Spring Boot version: 1.5.10.RELEASE

I'm facing the issue with auto configuration of ObjectMapper when @EnableWebMvc annotation is present on configuration class.

First of all I'm trying to specify Jackson customization via application.yml for including only non null/empty fields:

spring:
  jackson:
    default-property-inclusion: non_absent

@Primary ObjectMapper is being created via JacksonAutoConfiguration#jacksonObjectMapper.

Also RequestMappingHandlerAdapter is being created from WebMvcConfigurationSupport#requestMappingHandlerAdapter and during it's initialization new instance of MappingJackson2HttpMessageConverter is created which also creates new ObjectMapper instance effectively ignoring customizations given in application.yml file.

Basically after application is up and running MappingJackson2HttpMessageConverter is taken from MVC configuration step.

For now I did a hack in my class which extends MappingJackson2HttpMessageConverter to workaround the issue:

@Configuration
@EnableWebMvc
class MvcConfig extends WebMvcConfigurerAdapter {
    private final ObjectMapper objectMapper;

    MvcConfig(ObjectMapper objectMapper) {
        this.objectMapper = objectMapper;
    }

    @Override
    public void configureMessageConverters(List<HttpMessageConverter<?>> converters) {
        converters.clear();
        converters.add(new MappingJackson2HttpMessageConverter(objectMapper));
    }

   // some project specific code goes here
}

So it takes the @Primary object mapper via constructor injection and I'm recreating message converter programmatically.

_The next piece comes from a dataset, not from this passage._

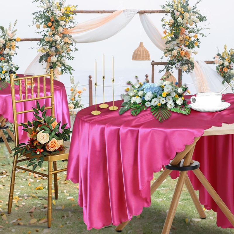 -- Luxury satin tablecloths are silky and soft, adding elegance and luxury to your wedding.

See https://github.com/rand0m86/spring-boot-issue-webmvc for example and test (hack is not included in the project).

Comment From: bclozel

Unless I'm missing something, I'm closing this issue as "invalid" because this works as expected.

As stated in the reference documentation, adding @EnableWebMvc to your application means that you want to take complete control of the Spring MVC auto-configuration. Configuring the Jackson message converter with the configuration properties is part of this.

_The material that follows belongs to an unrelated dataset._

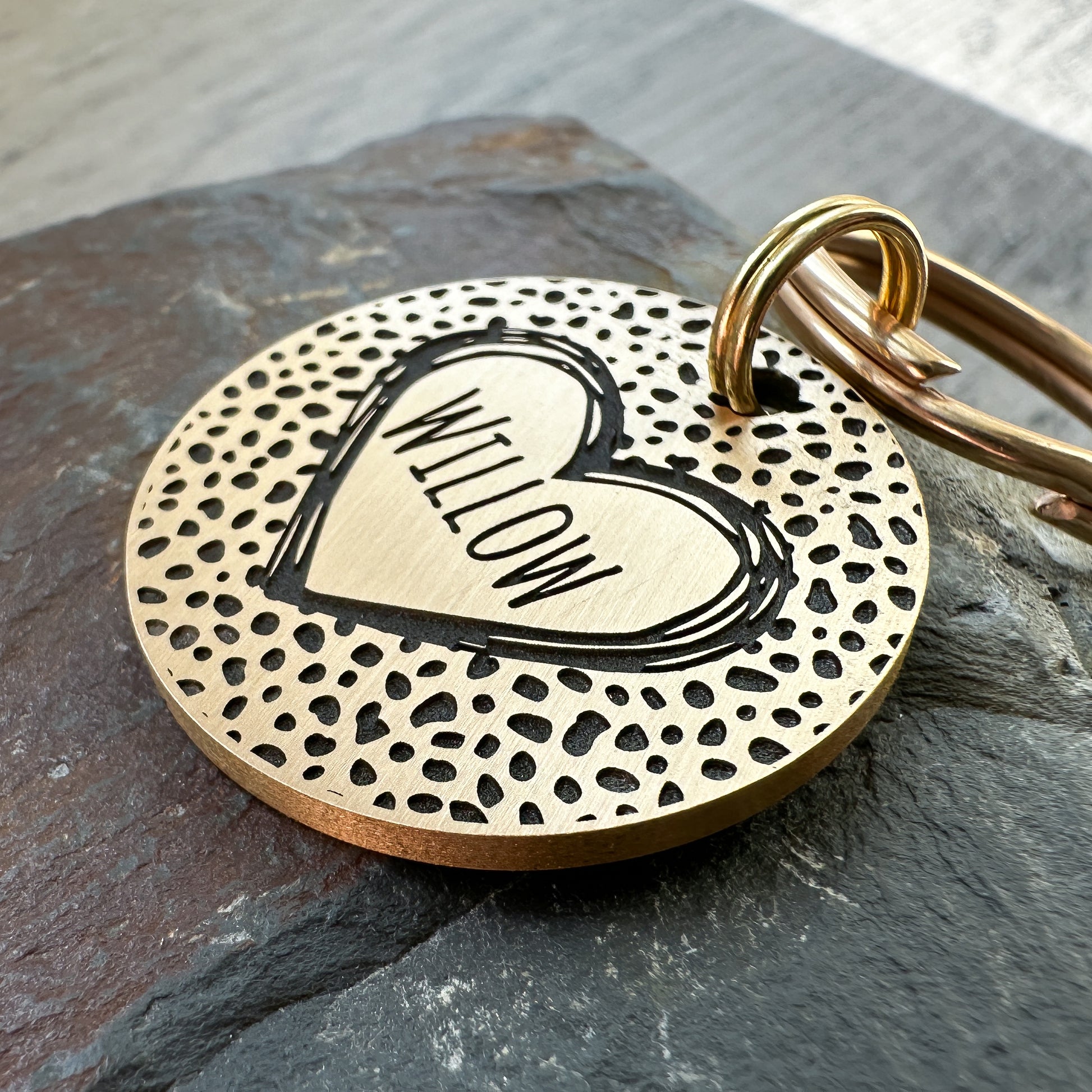 Tag and Tailor pet tags are designed and made in the UK using high quality, 2mm thick, solid brass and stainless steel. They are engraved using a fiber laser, then sanded and finished by hand.

Removing @EnableWebMvc should solve this issue; if this is intended, then I believe we can't solve that as it would go against developers' expectations: Spring Boot should back off as soon as we express a configuration opinion.

Thanks!

Comment From: rand0m86

Indeed @bclozel I missed the part about the impact of usage this annotation. Thank you.

Comment From: dalegaspi

There are at least 10 million questions about this in StackOverflow and not one has been able to provide a clear explanation on the use of custom WebMvcConfigurer and why you actually don't always want to use it in conjuction with @EnableWebMvc.

In my case, I wrote my own CORS filter by extending WebMvcConfigurer with @EnableWebMvc and was very confused why enabling the custom filter messes up with the JSON serialization of my REST Controllers (which uses the default Spring Jackson objects). This thread lead me to the answer and explanation.